1. A preparation method of arylated azauracil compounds is characterized in that: the preparation steps are as follows: dissolving azauracil compounds and aryl thiene salt in acetonitrile, adding 1, 4-diazabicyclo [2.2.2] octane (DABCO), stirring for 12 hours under blue light irradiation, extracting after the reaction is finished, drying, removing the solvent by rotary evaporation, and separating by column chromatography to obtain the arylated azauracil ketone compounds.
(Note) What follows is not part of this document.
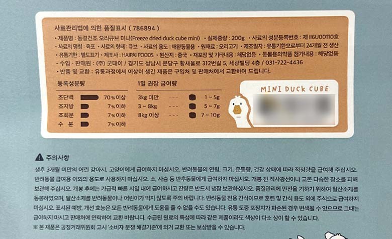 | 품명 및 모델명 | 동결건조 오리큐브 미니(Freeze dried duck cube mini) | 인증사항 | 사료관리법에 따른 성분등록번호 : 컨텐츠 참조 |

the structural formula of the azauracil compound is as follows:

wherein R is ² Is methyl, ethyl, benzyl, allyl, propargyl, or the like, R ³ Methyl, ethyl, benzyl, allyl, propargyl, and the like.

The solvent is acetonitrile.

2. The process for preparing an arylated azauracil compound according to claim 1, wherein: the molar ratio of the azauracil compound to the arylthiophene salt to the DABCO is 1:2: 3.